1. The actual real truth: Balls are different and order matters. This is like imaging that beforehand you actually number them $1,...,n, n+1,...,n+ m$. So just like in real life, the balls are all actually different objects and ball 1 followed by ball $n+3$ is different from pulling ball $n+7$ followed by ball $2$, even though both of those situations result in a differently coloured pair of balls having been picked.

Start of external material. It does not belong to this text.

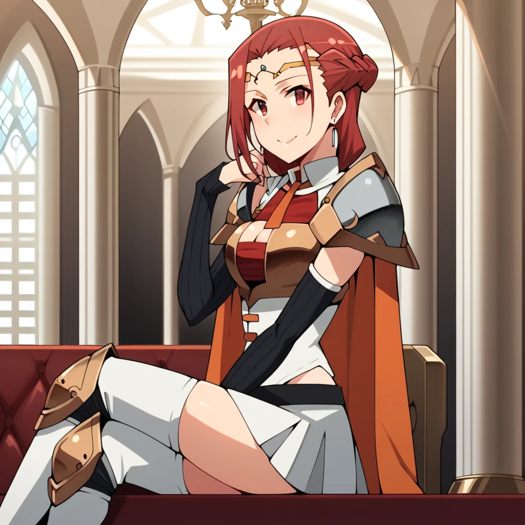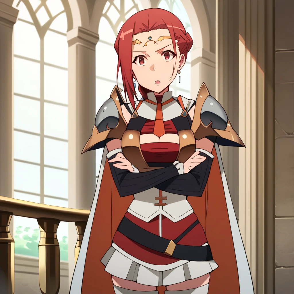 Lada_Def, black arm warmers, red skirt, white skirt, pleated skirt, jewelry, white corset, chestplate, armor, cleavage cutout, orange necktie, white collar, multicolored shirt, red shirt, black shirt, white shirt, collared shirt, sleeveless shirt, shoulder armor, earrings, pauldrons, two-tone cape, white cape, red cape, bare shoulders, white thighhighs, thighhighs, knee pads, gold trim, black belt, Formal Outfit:

So, thinking along these lines, the denominator is number of ways of picking any two balls from the $m+n$ distinct balls that you have, which is $$ (m+n)(m+n-1) $$ The numerator is the number of ways of picking one red ball and one white ball. If I pick red first, there are $m$ options for the red ball and for each choice of red ball there are $n$ possibilities for the white ball. I must add to this the number of ways of picking white first and then red, which is $nm$ so there are $2mn$ ways of picking differently coloured balls. $$ \text{Answer} = \frac{2mn}{(m+n)(m+n-1)}. $$
2. 'Sequential' Approach: I'll skim this a bit since you got it right. Using the law of total probability: \begin{eqnarray} & \mathbb{P}\Bigl(\text{Select different colour balls}\Bigr) \\ &= \mathbb{P}\Bigl(\text{Select different colour balls} \cap \text{White first}\Bigr) + \mathbb{P}\Bigl(\text{Select different colour balls} \cap \text{Red first}\Bigr) \end{eqnarray} I could stop here and compute each of those two terms by counting. I'd get $$ \frac{mn}{(m+n)(m+n-1)} + \frac{mn}{(m+n)(m+n-1)}, $$ because as we saw above, the number of ways of picking differently coloured ball in which you pick red first is $mn$ and same if you pick white first. Or we can continue using conditional probability, to really see the 'sequential' way of thinking: \begin{eqnarray} &= \mathbb{P}\Bigl(\text{Select different colour balls} | \text{White first}\Bigr)\mathbb{P}(\text{White first}) + \mathbb{P}\Bigl(\text{Select different colour balls} | \text{Red first}\Bigr)\mathbb{P}(\text{Red first}) \\ &= \mathbb{P}\Bigl(\text{Select different colour balls} | \text{White first}\Bigr)\frac{n}{m+n} + \mathbb{P}\Bigl(\text{Select different colour balls} | \text{Red first}\Bigr)\frac{m}{m+n} \\ &= \mathbb{P}\Bigl(\text{Second ball is Red} | \text{White first}\Bigr)\frac{n}{m+n} + \mathbb{P}\Bigl(\text{Second ball is White} | \text{Red first}\Bigr)\frac{m}{m+n} \\ &= \frac{m}{m+n-1}\frac{n}{m+n} + \frac{n}{m+n-1}\frac{m}{m+n} \\ &= \frac{2mn}{(m+n)(m+n-1)} \end{eqnarray}
3. 'Counting Approach': Order does not matter. Here we are not even imagining that we reach our hand in and pick one ball before the next. We are only asking for the demoninator: How many sets of 2 balls are there from the collection $m+n$ balls? $$ \binom{m+n}{2} = \frac{(m+n)!}{(m+n-2)!2!} = \frac{1}{2}(m+n)(m+n-1) $$ For the numerator, how many sets of two differently coloured balls are there from the collection of $m+n$ balls? To give a different spin on it, notice that this has to be the size of all the subsets of 2 balls minus the subsets that are both red and minus the subsets that are both white, so we have \begin{eqnarray} & \frac{1}{2}(m+n)(m+n-1) - \binom{m}{2} - \binom{n}{2} \\ &= \frac{1}{2}\Bigl((m+n)(m+n-1) - m(m-1) - n(n-1)\Bigr) \\ & = mn \end{eqnarray} Giving $$ \text{Answer} = \frac{mn}{\frac{1}{2}(m+n)(m+n-1)} $$
In these problems, really you choose a different probability space depending on which "approach" you are taking. So for number 3, it's as if you choose the probability space to consist of 2-sets from the collection of $m+n$ balls, and it is impossible to distinguish the ordering within a given 2-set. Whereas in number 1. and 2., the probability space consists of tuples like (1, $m+2$), meaning you picked ball 1 first (red) and then ball $m+2$ (red).